Introduction

The following discussion and analysis supplements management's discussion and analysis of Nielsen Holdings plc ("the Company" or "Nielsen") for the year ended December 31, 2020 as contained in the Annual Report on Form 10-K filed by the Company with the Securities and Exchange Commission ("SEC") on February 25, 2021, and presumes that readers have read or have access to such discussion and analysis. The following discussion and analysis should also be read together with the accompanying Condensed Consolidated Financial Statements and related notes thereto. Further, this report includes information that could constitute forward-looking statements made pursuant to the safe harbor provision of the Private Securities Litigation Reform Act of 1995. These statements may be identified by words such as "will," "intend," "expect," "anticipate," "should," "could," and similar expressions. These statements are subject to risks and uncertainties, and actual results and events could differ materially from what presently is expected. Factors leading thereto may include, without limitation, the risks related to the COVID-19 pandemic on the global economy and financial markets, the uncertainties relating to the impact of the COVID-19 pandemic on Nielsen's business, the final calculation of the gain on the sale with respect to our Global Connect business, which is currently pending finalization of various estimates, the failure of our new business strategy in accomplishing our objectives, conditions in the markets Nielsen is engaged in, behavior of customers, suppliers and competitors, technological developments, as well as legal and regulatory rules affecting Nielsen's business and other specific risk factors set forth in this Item 2 and Part II, Item 1A, if any, and those noted in our 2020 Annual Report on Form 10-K under "Risk Factors." Forward-looking statements speak only as of the date of this report or as of the date they were made.

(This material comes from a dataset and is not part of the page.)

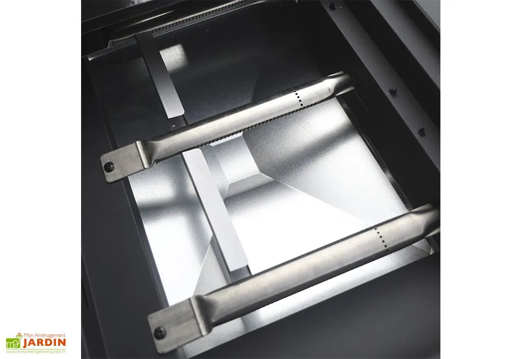 Très puissant, le barbecue au gaz dispose de trois brûleurs en acier inoxydable offrant une puissance de chauffe optimale et permettant une cuisson rapide ainsi qu’uniforme. Il intègre des boutons avec indicateurs de chaleur pour une cuisson parfaite et précise. L’allumage du barbecue se fait facilement grâce au système de piezo intégré dans chaque bouton. Le capot est doté d’un thermomètre pour contrôler la température.

We disclaim any intention to update the current expectations or forward-looking statements contained in this report.

From time to time, Nielsen may use its website and social media outlets as channels of distribution of material company information. Financial and other material information regarding the company is routinely posted and accessible on our website at http://www.nielsen.com/investors and our Twitter account at http://twitter.com/nielsen.

Background and Executive Summary

We are a leading global data, measurement, and analytics company that provides a holistic and objective understanding of the media industry. With offerings spanning audience measurement, audience outcomes and content, we offer our clients and partners simple solutions to complex questions and optimizes the value of their investments and growth strategies. We are the only company that can offer de-duplicated cross-media audience measurement. Audience is Everything™ to us and our clients, and we are committed to ensuring that every voice counts. We offer measurement and analytics services in nearly 60 countries.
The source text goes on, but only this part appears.